[Stored items from a collection]
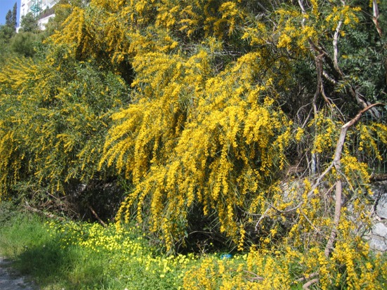 Maaliskuussa mimoosat (akaasiat) kukkivat joka paikassa keltaisenaan. |
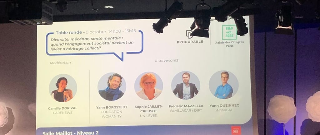 L’un des moments forts du salon fut la conférence dédiée au mécénat d’entreprise et à l’engagement sociétal, en présence du fondateur de Dift (et Blablacar) et du représentant de l’Admical.
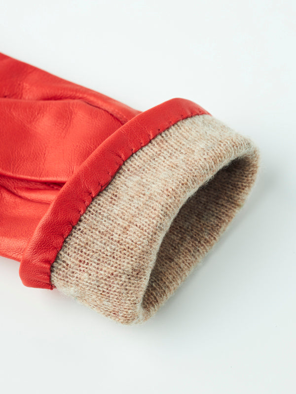 Een elegante handschoen in zacht lamsnappa leer, uitgevoerd in de warme flame red (oranje/rood). Deze klassieker van Viska combineert premium materialen met subtiele details en een tijdloze uitstraling.
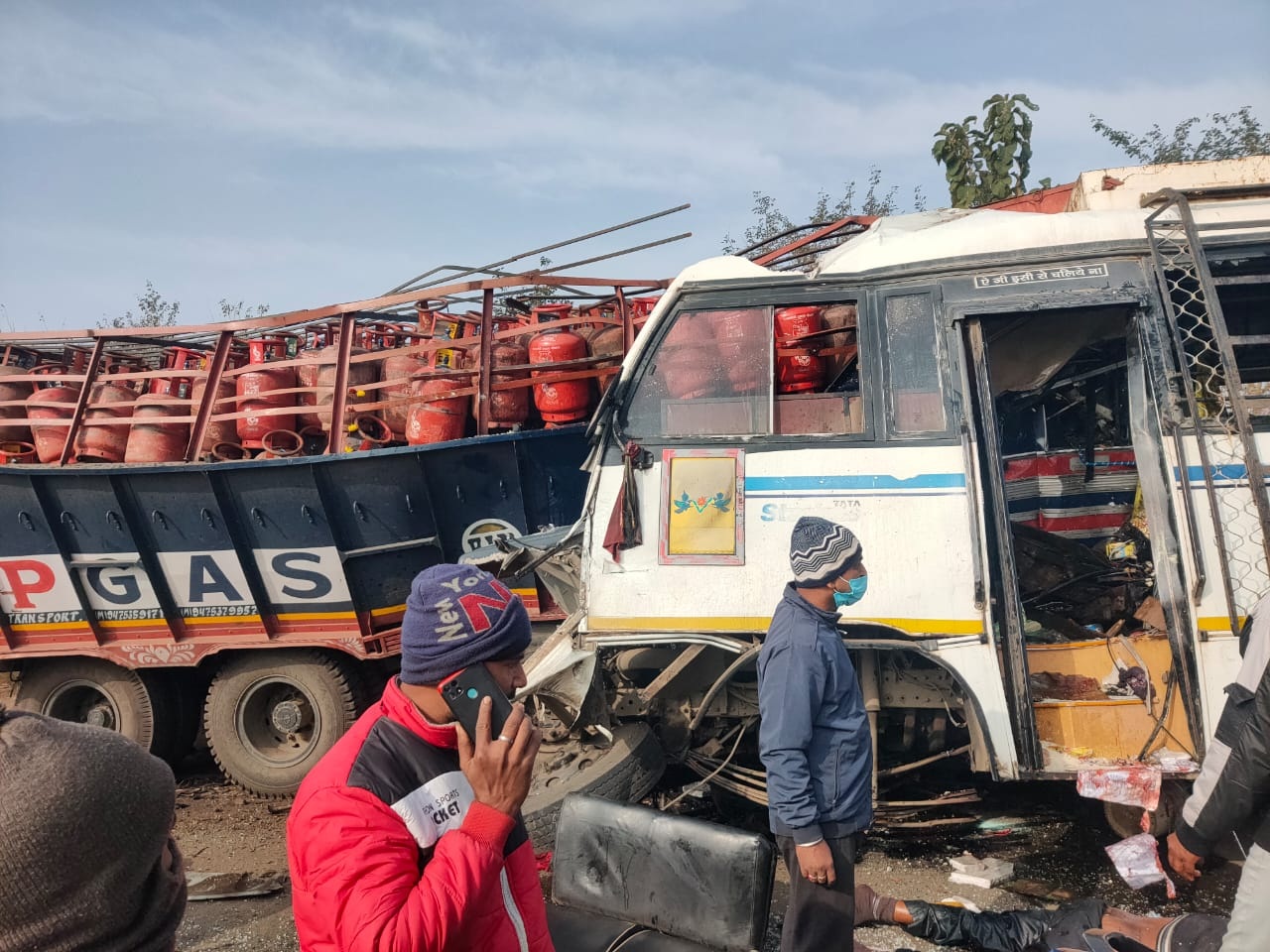 इस संबंध में डीसी वरूण रंजन और एसपी हृदीप पी जनार्दनन सदल बल पहुंच गए हैं। बचाव कार्य जारी है। वाहनों में फंसे लोगों को गैस कटर की सहायता से निकालने का काम जारी है। जानकारी के मुताबिक कृष्णा रजत बस और एलपीजी सिलेंडर से भरे ट्रक में आमने-सामने की जोरदार टक्कर हुई। तेज रफ्तार वाले एलपीजी सिलेंडर लदे ट्रक ने बस में टक्कर मार दी। टक्कर इतनी तेज थी कि दोनों गाड़ियों के परखचे उड़ गए। मृतकों में अधिकांश लोग बस यात्री हैं। टक्कर होते ही बस में सवार कई लोग सड़क पर आ गिरे। फिलहाल सात लोगों के मरने व दो दर्जन से ज्यादा लोगों के घायल होने की पुष्टि की जा चुकी है। साथ ही कहा है कि मरने वालों और घायलों की संख्या बढ़ भी सकती है।
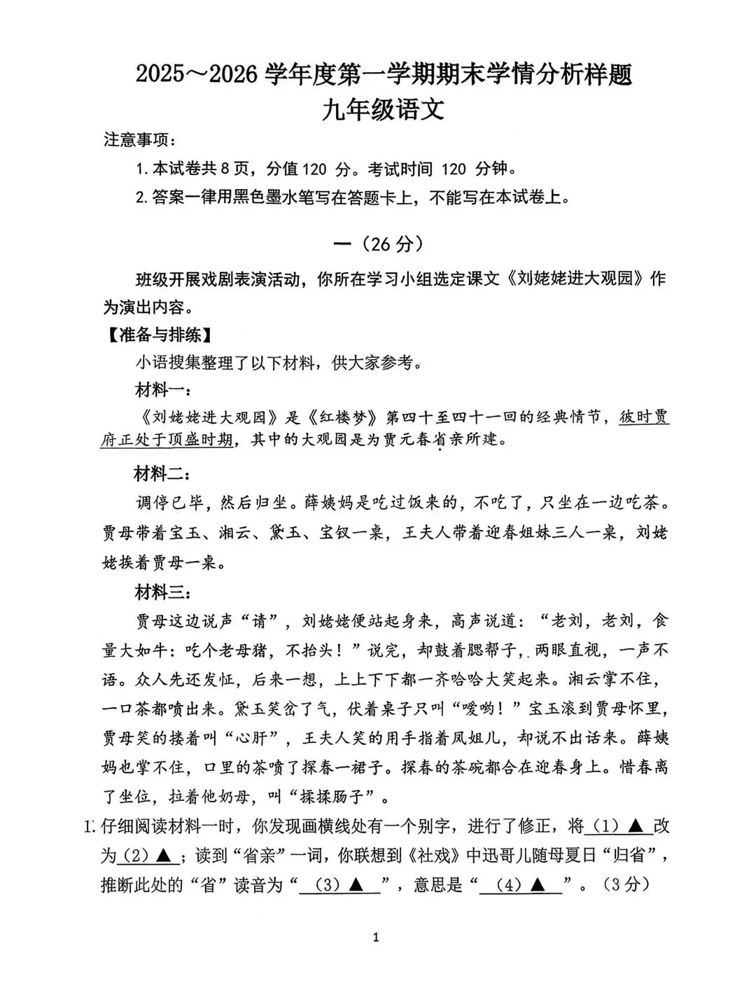 >2025-2026南京联合体九年级上期末物理试卷(电子版可打印)
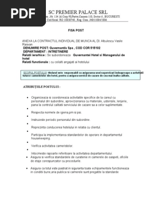 Fișa Postului și Fișă De Evaluare A Performanțelor Individuale Pentru Cameristă Hotel Cod Cor 516201
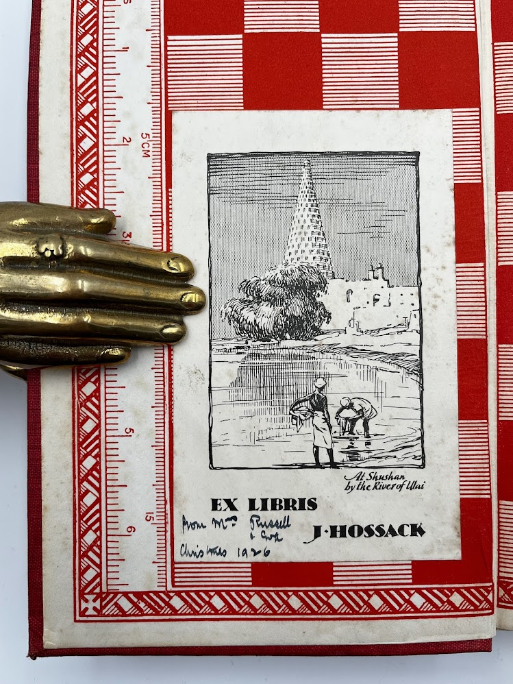 DESCRIPTION: Fourteenth impression. Publisher’s original red cloth with blind-stamped decoration to the upper board and titles in gilt to the spine, in dustwrapper. Bottom edge untrimmed. Decorative endpapers. A very good copy indeed, the binding square and firm. The contents with a contemporary previous owner’s bookplate (“J. Hossack”) to the front pastedown and some scattered dots of light foxing to the edges of the text block are otherwise in very good order and clean throughout. The lightly browned dustwrapper with a little chipping to the ends of the spine panel and to tips of the joints is otherwise also very good.
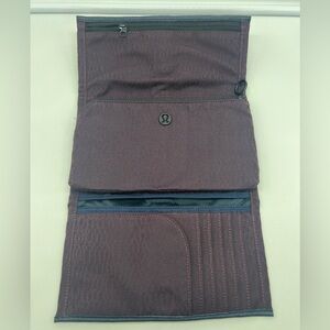 LULULEMON Test Of Time Stacked Jacquard Black Cherry Leather Trim Travel Wallet
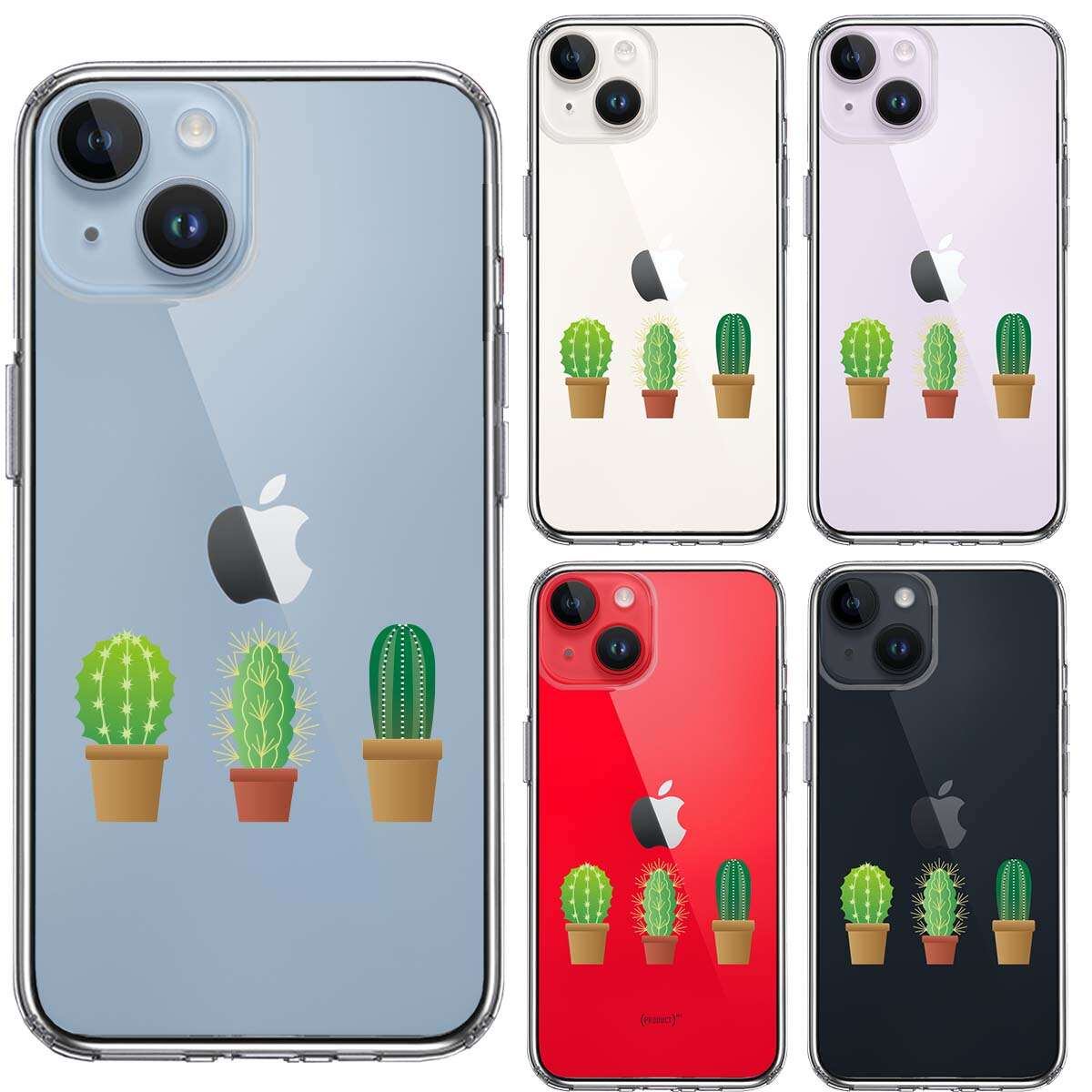 iPhone 14 Plus 側面ソフト 背面ハード ハイブリッド クリア ケース サボテン 多肉植物
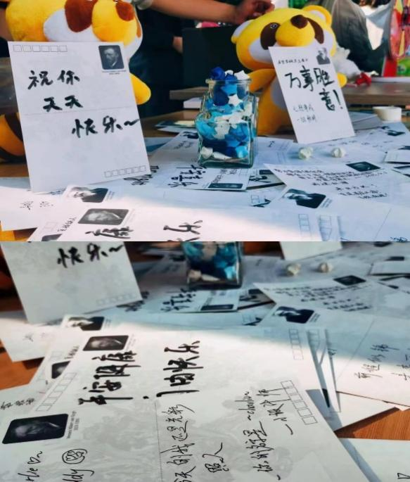 进一步前进。社团同时在现场放置“烦恼罐子”,参与活动的同学们本着自愿、兴趣原则,可将近期自己面临的烦恼、抉择等写在星星纸上并在社团成员们的帮助下完成叠星星放入烦恼罐罐,释放压力。在“素纸浓情,麟鸿相寄”给陌生人一句话的活动环节中,同学们有序的排队并在明信片上满怀期待地写下了自己想对陌生人说的话,他们也期待着陌生人的回信给他们带来面对生活中挫折的勇气和追逐梦想的力量,亦或是其他惊喜。最后,参与此次活动的同学参加了社团举办抽奖活动,获得了精美小礼品。
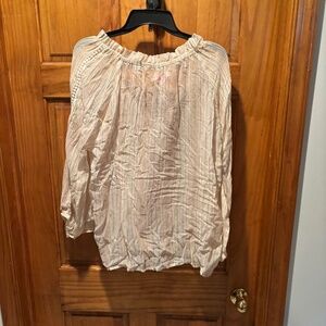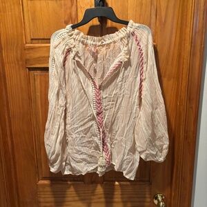 Miss June Peasant Top in cream, mauve and metallic gold threading. Tassel tie neckline. Women's size large. New with tags.
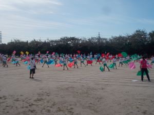 玉入れの練習、高学年はフラッグでの表現の練習を行っていました。
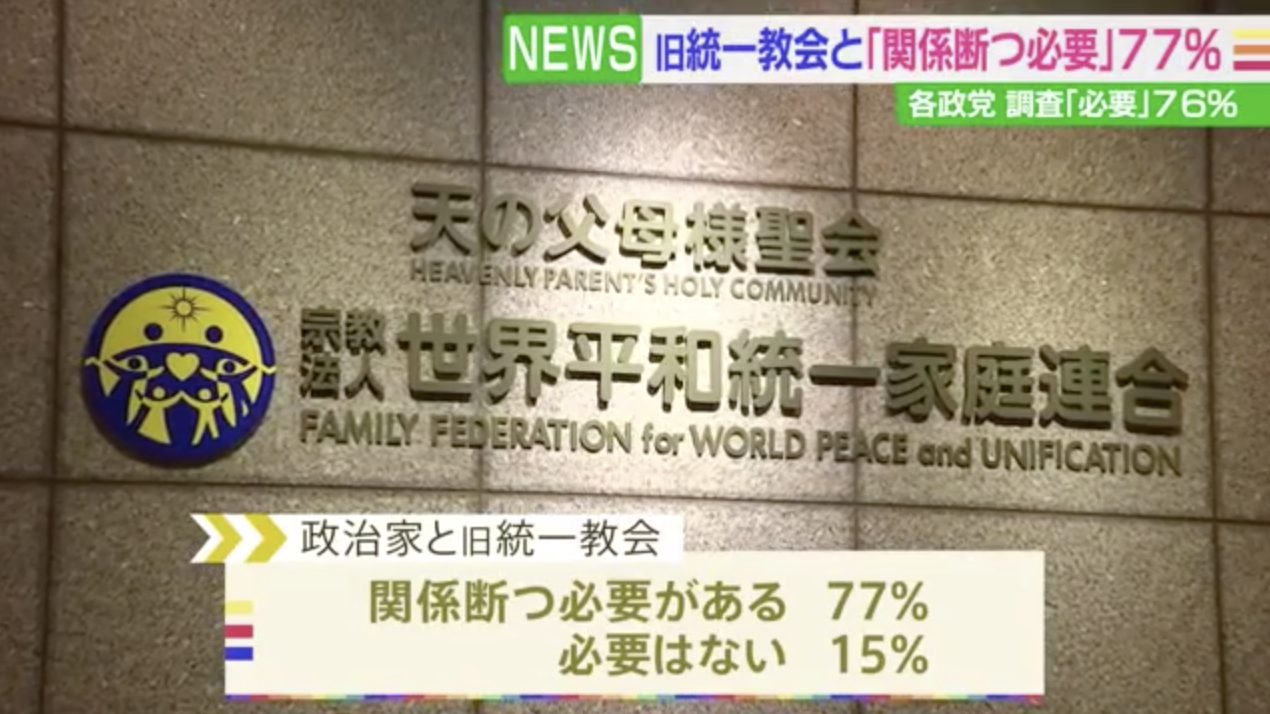 旧統一教会と政治家 「関係断つ必要」77% JNN世論調査
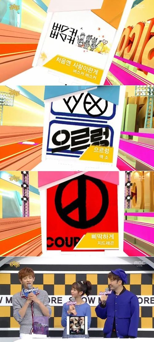 1위 후보에 오른 엑소는 오랜만에 무대에서 '으르렁'을 선보였으며, 엑소 멤버 찬열은 지난주 시우민에 이어 특별 MC로 나서 노홍철, 김소현 등과 호흡을 맞췄다.
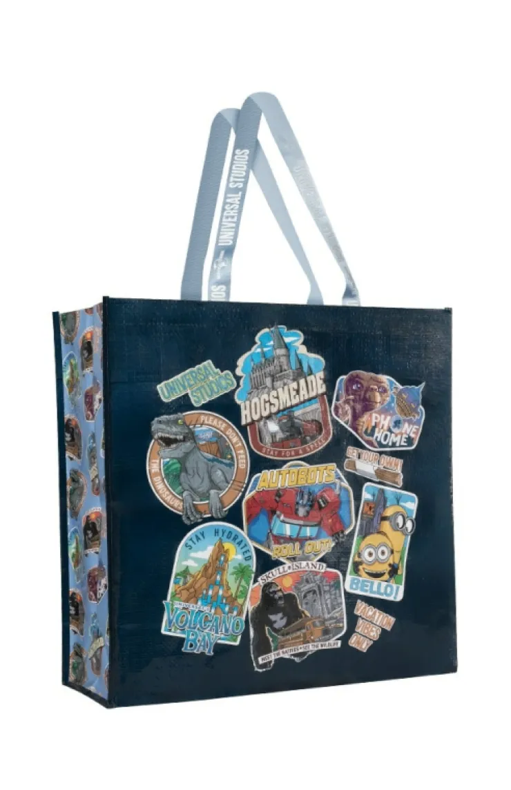 Universal Studios reusable tote with a fun multi-character collage design featuring various characters from throughout the Universal theme parks.

What the task asks -> Retype each line of the records exactly as it reads; no pictures belong in the copy.

Answer to this exercise ->
 Maaliskuussa mimoosat (akaasiat) kukkivat joka paikassa keltaisenaan. |
 L’un des moments forts du salon fut la conférence dédiée au mécénat d’entreprise et à l’engagement sociétal, en présence du fondateur de Dift (et Blablacar) et du représentant de l’Admical.
 Een elegante handschoen in zacht lamsnappa leer, uitgevoerd in de warme flame red (oranje/rood). Deze klassieker van Viska combineert premium materialen met subtiele details en een tijdloze uitstraling.
 इस संबंध में डीसी वरूण रंजन और एसपी हृदीप पी जनार्दनन सदल बल पहुंच गए हैं। बचाव कार्य जारी है। वाहनों में फंसे लोगों को गैस कटर की सहायता से निकालने का काम जारी है। जानकारी के मुताबिक कृष्णा रजत बस और एलपीजी सिलेंडर से भरे ट्रक में आमने-सामने की जोरदार टक्कर हुई। तेज रफ्तार वाले एलपीजी सिलेंडर लदे ट्रक ने बस में टक्कर मार दी। टक्कर इतनी तेज थी कि दोनों गाड़ियों के परखचे उड़ गए। मृतकों में अधिकांश लोग बस यात्री हैं। टक्कर होते ही बस में सवार कई लोग सड़क पर आ गिरे। फिलहाल सात लोगों के मरने व दो दर्जन से ज्यादा लोगों के घायल होने की पुष्टि की जा चुकी है। साथ ही कहा है कि मरने वालों और घायलों की संख्या बढ़ भी सकती है।
 >2025-2026南京联合体九年级上期末物理试卷(电子版可打印)
 Fișa Postului și Fișă De Evaluare A Performanțelor Individuale Pentru Cameristă Hotel Cod Cor 516201
 DESCRIPTION: Fourteenth impression. Publisher’s original red cloth with blind-stamped decoration to the upper board and titles in gilt to the spine, in dustwrapper. Bottom edge untrimmed. Decorative endpapers. A very good copy indeed, the binding square and firm. The contents with a contemporary previous owner’s bookplate (“J. Hossack”) to the front pastedown and some scattered dots of light foxing to the edges of the text block are otherwise in very good order and clean throughout. The lightly browned dustwrapper with a little chipping to the ends of the spine panel and to tips of the joints is otherwise also very good.
 LULULEMON Test Of Time Stacked Jacquard Black Cherry Leather Trim Travel Wallet
 iPhone 14 Plus 側面ソフト 背面ハード ハイブリッド クリア ケース サボテン 多肉植物
 进一步前进。社团同时在现场放置“烦恼罐子”,参与活动的同学们本着自愿、兴趣原则,可将近期自己面临的烦恼、抉择等写在星星纸上并在社团成员们的帮助下完成叠星星放入烦恼罐罐,释放压力。在“素纸浓情,麟鸿相寄”给陌生人一句话的活动环节中,同学们有序的排队并在明信片上满怀期待地写下了自己想对陌生人说的话,他们也期待着陌生人的回信给他们带来面对生活中挫折的勇气和追逐梦想的力量,亦或是其他惊喜。最后,参与此次活动的同学参加了社团举办抽奖活动,获得了精美小礼品。
 Miss June Peasant Top in cream, mauve and metallic gold threading. Tassel tie neckline. Women's size large. New with tags.
 玉入れの練習、高学年はフラッグでの表現の練習を行っていました。
 旧統一教会と政治家 「関係断つ必要」77% JNN世論調査
 1위 후보에 오른 엑소는 오랜만에 무대에서 '으르렁'을 선보였으며, 엑소 멤버 찬열은 지난주 시우민에 이어 특별 MC로 나서 노홍철, 김소현 등과 호흡을 맞췄다.
 Universal Studios reusable tote with a fun multi-character collage design featuring various characters from throughout the Universal theme parks.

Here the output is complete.